第四に、実施のたびに得た学びを次へ引き継ぐ意識です。ガイドや質問の効果を振り返り、次回の設計に反映します。回を重ねるごとに、組織としての調査の精度は着実に高まります。個人の技量に依存させず、再現できる方法として蓄積する視点が欠かせません。

よくある質問

デプスインタビューは何人に実施すればよいですか

1つのテーマにつき5名から8名が目安です。同じ発言が繰り返し現れ、新たな発見が減った時点が一つの区切りになります。対象者の条件が絞れていれば、少人数でも十分な示唆が得られます。逆に属性がばらついていると、件数を増やしても比較ができず、傾向を読み取りにくくなります。人数よりも条件の設計が先だと考えてください。

1回の所要時間はどのくらいですか

60分から90分が一般的です。短すぎると深掘りが浅くなり、長すぎると対象者の集中が続きません。事前のガイドで時間配分を決めておくと、深掘りに使える時間を確保できます。すべての質問を消化することより、重要な論点を掘り下げることを優先し、時間内に収まらない項目は次回の設計へ回す判断も必要です。

オンラインでも実施できますか

実施できます。移動の負担がなく、対象者を集めやすい利点があります。ただし表情や間合いが読み取りにくいため、通信環境を整え、相手の反応をより丁寧に確認する姿勢が求められます。録画を残しやすく、関係者が同じ素材を見て解釈をすり合わせられる点は、対面にはない利点だといえます。

まとめ

デプスインタビューは、顧客の深層心理を捉え、事業仮説の解像度を高める手法です。ただし得られるのは定性的な示唆であり、それ自体が最終的な結論ではありません。準備で目的を定め、実施で本音を引き出し、分析で構造を抽出する。この一連の流れが、探索を検証へと確かにつなげます。
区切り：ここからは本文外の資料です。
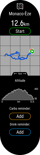 ルート開始地点、ルート終着点、またはルートの至近地点(中間ルート)から選択することができます。まずはじめに、ウォッチはルート上のあなたが選択した開始地点にガイドします。一度ルートにのると、ウォッチがあなたの全行程をガイドし、ルートから外れないようモニタリングします。ディスプレイ画面のガイダンスに従ってください。ディスプレイ画面の下に、残りの距離が表示されます。

実務での要点は、聞き手が話しすぎないこと、事実から解釈へ順に進めること、そして少数の意見を一般化しないことの3つです。いずれも技術というより規律の問題であり、型として共有すれば担当者が替わっても質は保たれます。

数字の背後にある文脈を、組織の共通認識として持てるかどうか。そこが、不確実性の高い領域で判断を下せる組織とそうでない組織を分けていきます。